• _What this task involves_
Print the records below exactly, from the line containing "Walls.io seamlessly integrates" down to the line containing "我记得似乎是去年罗胖的跨年演", both lines included, and omit every picture.

• _Data provided_
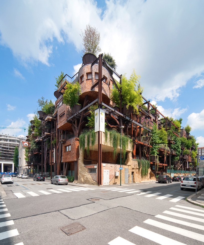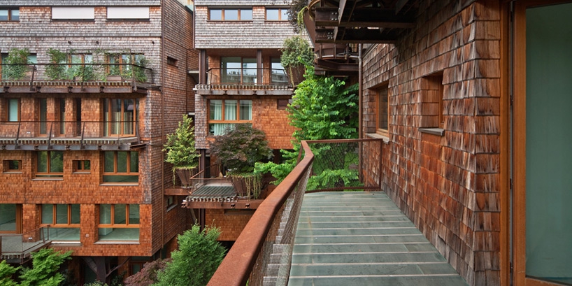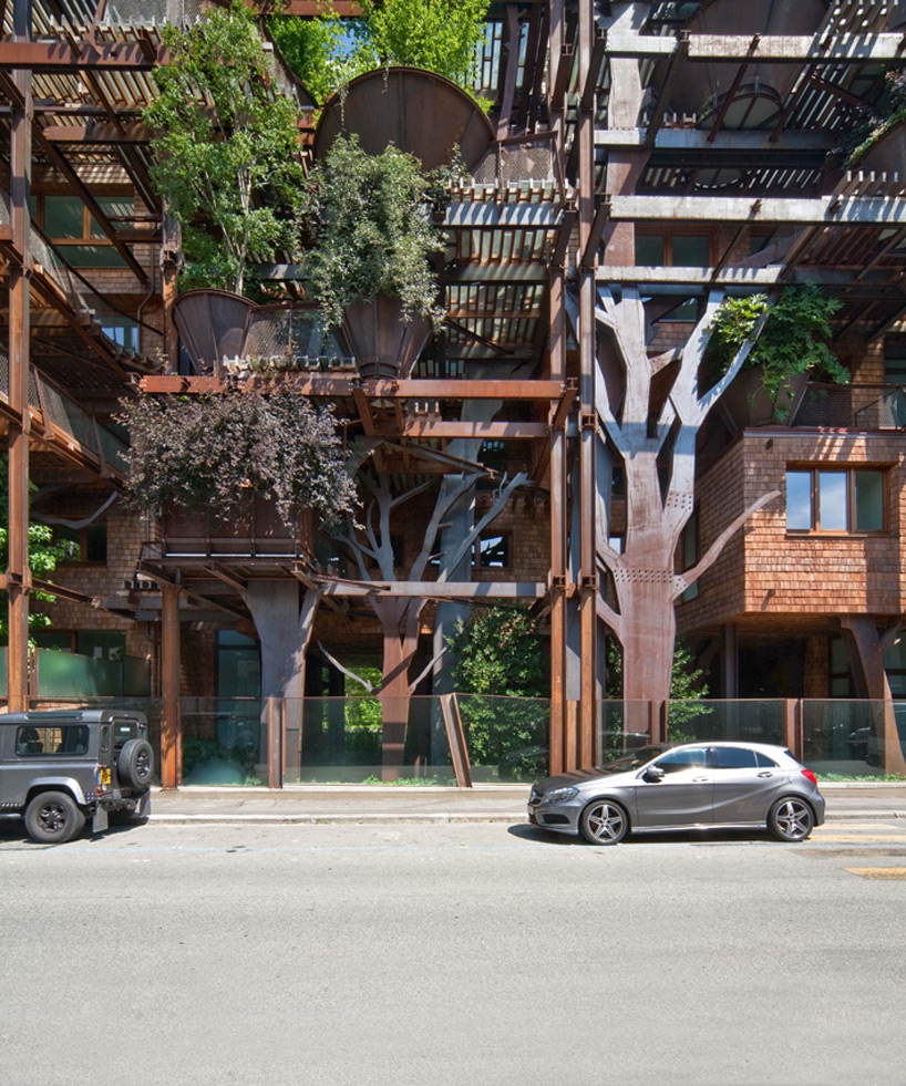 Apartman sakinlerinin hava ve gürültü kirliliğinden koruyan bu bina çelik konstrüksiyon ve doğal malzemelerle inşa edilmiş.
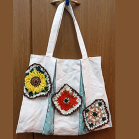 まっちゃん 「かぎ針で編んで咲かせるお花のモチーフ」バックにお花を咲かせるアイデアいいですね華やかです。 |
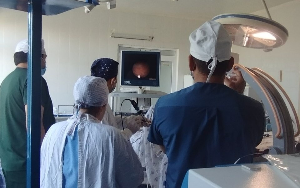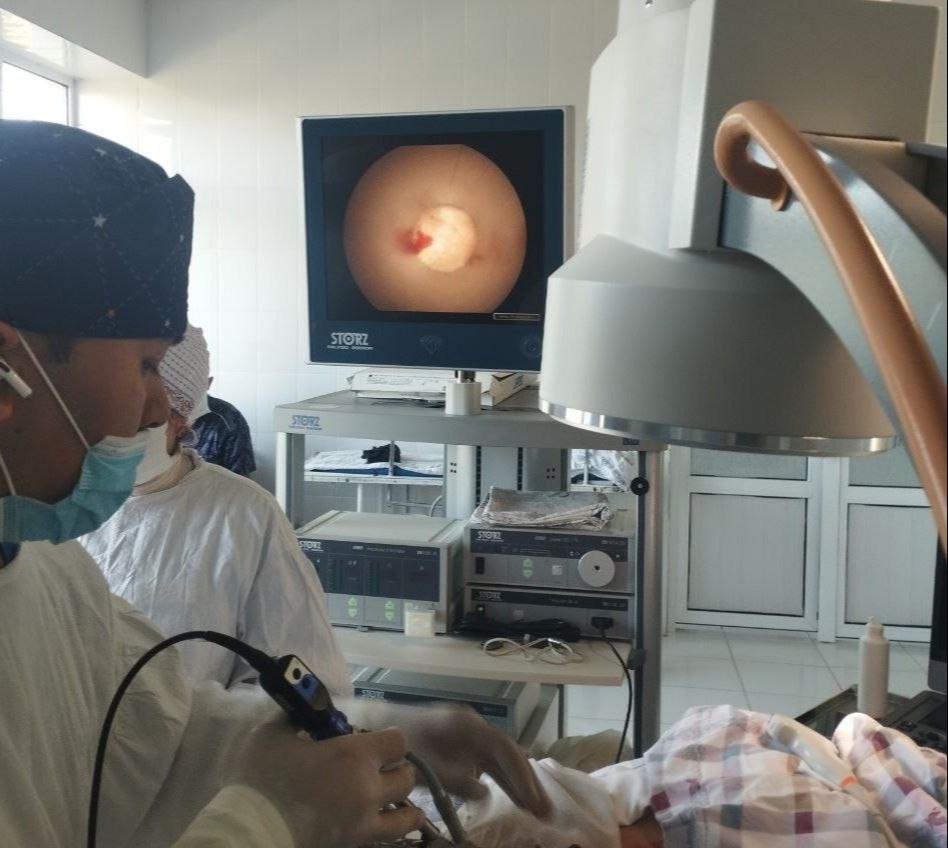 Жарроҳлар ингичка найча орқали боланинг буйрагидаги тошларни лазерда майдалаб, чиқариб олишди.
--
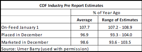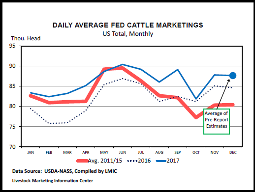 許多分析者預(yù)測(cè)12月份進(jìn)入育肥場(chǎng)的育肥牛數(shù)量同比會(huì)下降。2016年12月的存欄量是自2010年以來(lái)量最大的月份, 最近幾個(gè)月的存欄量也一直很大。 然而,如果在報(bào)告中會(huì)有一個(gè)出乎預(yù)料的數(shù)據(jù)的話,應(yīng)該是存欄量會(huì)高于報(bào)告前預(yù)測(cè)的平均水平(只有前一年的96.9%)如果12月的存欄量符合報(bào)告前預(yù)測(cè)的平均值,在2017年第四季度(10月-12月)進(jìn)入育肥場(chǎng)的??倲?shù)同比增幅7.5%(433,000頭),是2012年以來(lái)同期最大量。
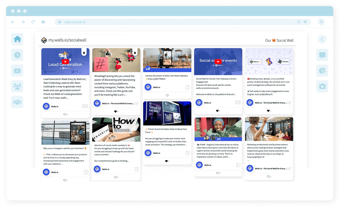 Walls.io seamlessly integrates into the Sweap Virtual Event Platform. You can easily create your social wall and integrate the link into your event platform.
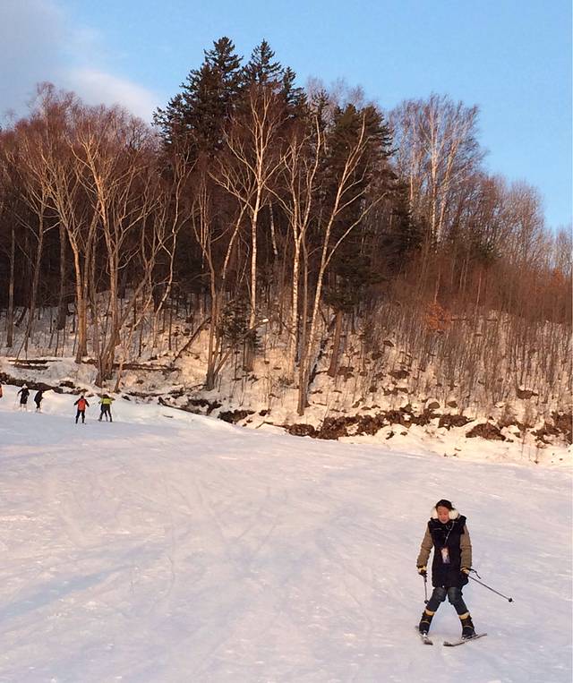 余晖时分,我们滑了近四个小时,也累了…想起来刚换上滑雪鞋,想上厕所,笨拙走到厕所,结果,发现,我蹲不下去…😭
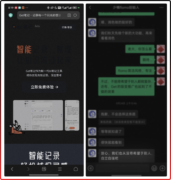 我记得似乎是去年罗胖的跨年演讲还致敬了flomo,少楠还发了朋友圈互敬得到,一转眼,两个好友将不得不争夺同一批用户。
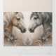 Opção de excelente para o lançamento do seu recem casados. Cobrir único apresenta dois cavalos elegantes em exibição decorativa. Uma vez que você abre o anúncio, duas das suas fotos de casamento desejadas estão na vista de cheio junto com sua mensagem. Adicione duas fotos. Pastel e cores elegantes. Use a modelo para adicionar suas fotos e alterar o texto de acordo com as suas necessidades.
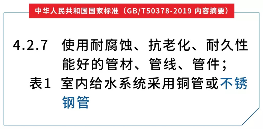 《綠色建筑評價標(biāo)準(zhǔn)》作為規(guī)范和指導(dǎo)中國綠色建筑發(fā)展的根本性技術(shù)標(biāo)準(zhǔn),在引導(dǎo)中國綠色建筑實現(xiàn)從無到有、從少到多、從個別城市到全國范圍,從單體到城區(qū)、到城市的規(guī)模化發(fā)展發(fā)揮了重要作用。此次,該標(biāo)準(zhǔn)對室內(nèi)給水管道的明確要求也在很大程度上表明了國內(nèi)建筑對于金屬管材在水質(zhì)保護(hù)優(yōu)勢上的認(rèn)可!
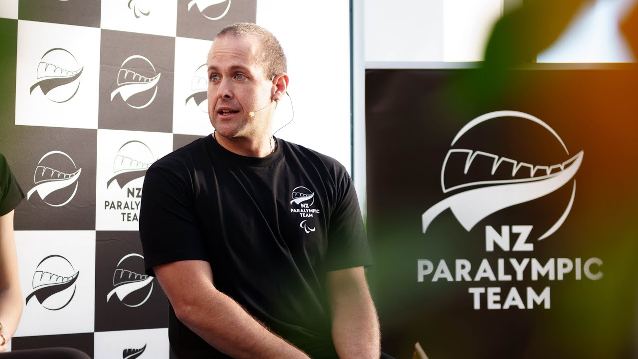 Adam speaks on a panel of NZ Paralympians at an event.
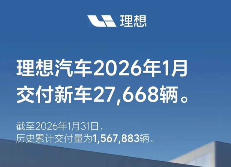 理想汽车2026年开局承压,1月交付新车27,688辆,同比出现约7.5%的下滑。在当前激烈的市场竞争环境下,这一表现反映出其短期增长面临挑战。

• _Answer to this exercise_
 Walls.io seamlessly integrates into the Sweap Virtual Event Platform. You can easily create your social wall and integrate the link into your event platform.
 余晖时分,我们滑了近四个小时,也累了…想起来刚换上滑雪鞋,想上厕所,笨拙走到厕所,结果,发现,我蹲不下去…😭
 我记得似乎是去年罗胖的跨年演讲还致敬了flomo,少楠还发了朋友圈互敬得到,一转眼,两个好友将不得不争夺同一批用户。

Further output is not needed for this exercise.